Inborn instinct for conflict?

 Looking back at the first months and years of my children’s lives, I would agree with those that say humans have an instinct or inborn trait for conflict, and I would add that’s it's closely tied to the fulfillment of our needs, whether those needs be physical, mental, emotional or psychological. From very early on, my little ones let me know when what I was or was not doing for them conflicted with what they wanted.

Growing up myself in a family of four children, I would have to say that an instinct for conflict was of great value. It didn’t take long for me to discover that my thoughts, wants and desires often conflicted with those of my siblings and parents. Learning how to reconcile what I thought and wanted with what other people  were thinking and wanted; and the conflict that arose because these things were different or sometimes the same; taught me empathy, tolerance, forbearance, negotiation and collaboration.

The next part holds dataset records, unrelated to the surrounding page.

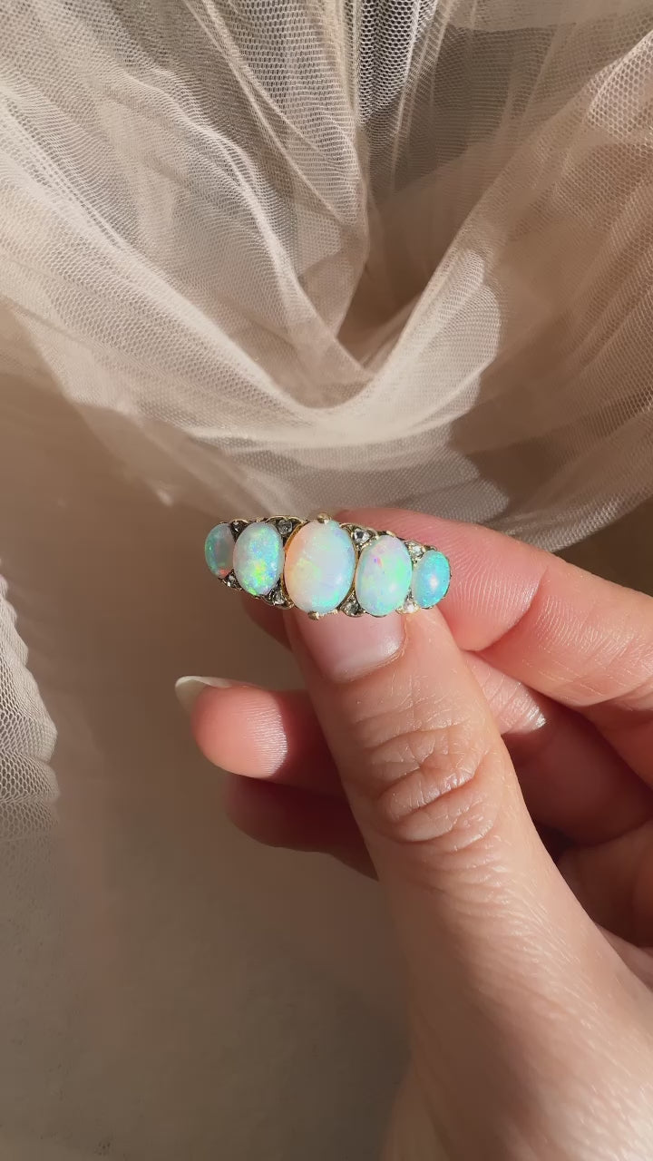 The Faith ring is an authentic vintage opal and diamond ring from the Victorian Era circa 1890. This GIA-certified ring features 5 Cabochon Opals prong set in a beautiful handmade 18kt yellow gold setting. The opals combine for approximately 1.50-carats. Eight small rose cut diamonds are set between the opals, adding the perfect touch of glamour to this wonderful cocktail ring. The ring is currently size 8.5 and can be resized!
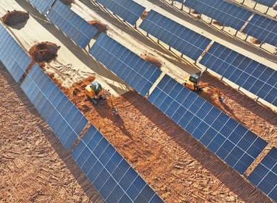 “沙漠地勢(shì)起伏不定,我們需要平整場(chǎng)地,方便光伏板的安裝?!蓖鮼啳偢嬖V記者,“在不久的將來(lái),這片漫漫沙海將變身為一片深藍(lán)色的‘光伏海洋’?!?/P>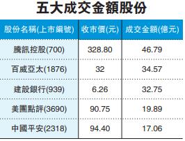 體育用品股續受追捧,李寧及安踏體育再創新高,明年是東京奧運年,體育用品股可望看高一線。新股方面表現突出,德國眼科公司德視佳(1846)首日掛牌,收市較招股價高四成六,每手帳面賺3500元。藍籌股則個別發展,中國聯通(762)跌3%表現最差;中國移動(941)亦跌0.9%。重磅股騰訊(700)330元得而復失,收報328.8元,升0.2%。豐控股(005)無起跌;友邦保險(1299)及中國平安(2318)偏軟。另外,金管局下調逆周期緩衝資本比率50點子,釋放最多3000億元額外放貸額度,港元拆息全線回落。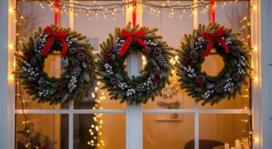 Hang string lights, stars, or wreaths in front of windows for a glowing, festive effect.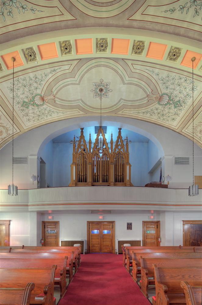 Undergoing renovation by David Storey in 2001. Reinstalled the 8' open wood pedal pipes (original windchest and action were still there).

I believe an instinct for conflict makes us more human. It provides an opportunity for personal growth and for becoming a better, more compassionate human being.

2 comments:

  1. Lee -

    I appreciated you bringing up the angle of conflict in how it relates to sibling rivalries within the family dynamic. Growing up, I was the oldest of three kids, and, needless to say, I experienced my fair share of conflict.

    At the time, conflict was seen as a bad thing - my brother borrows my i-pod without first asking permission, for example.

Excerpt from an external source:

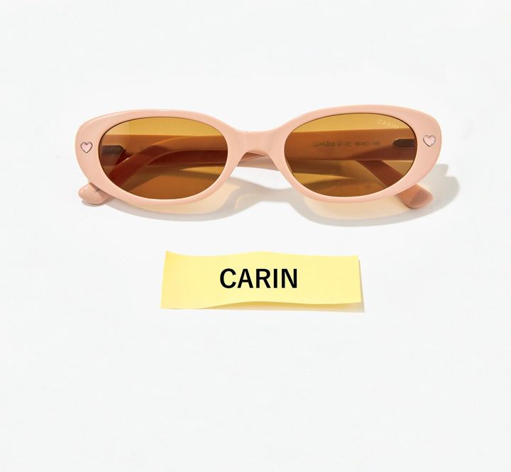 マットなピンクのフレームにライトブラウンのレンズを合わせてレトロ&ガーリーに。フレームの両サイドをさりげなく飾るハートマークがアクセント♡ ¥19,800/カリン(H3O ファッションビュロー)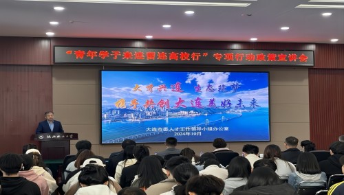 为深入贯彻落实辽宁省“百万学子留辽来辽”专项行动,全方位、近距离、精准化服务best365毕业生高质量充分就业,10月15日,学校联合中共大连市委人才工作领导小组在大学生活动中心青年之家举行“青年学子留连来连高校行”专项行动——best365中国官方网站站宣讲活动。大连市国资委党委委员、副主任孙国友,校党委学生工作部部长、学生工作处处长孟野,相关部门负责同志、企业代表和300余名学生参加活动。

    These small, annoying instances function to teach us conflict resolution skills, they help improve our understanding of what motivates others to do things. Arguments like these demonstrate the need for us to approach problems with calmness and a willingness to consider the other persons perspective. Sibling conflict is a key ingredient in children learning “life lessons” and people skills - skills that, hopefully, will continue to develop on throughout their adult lives.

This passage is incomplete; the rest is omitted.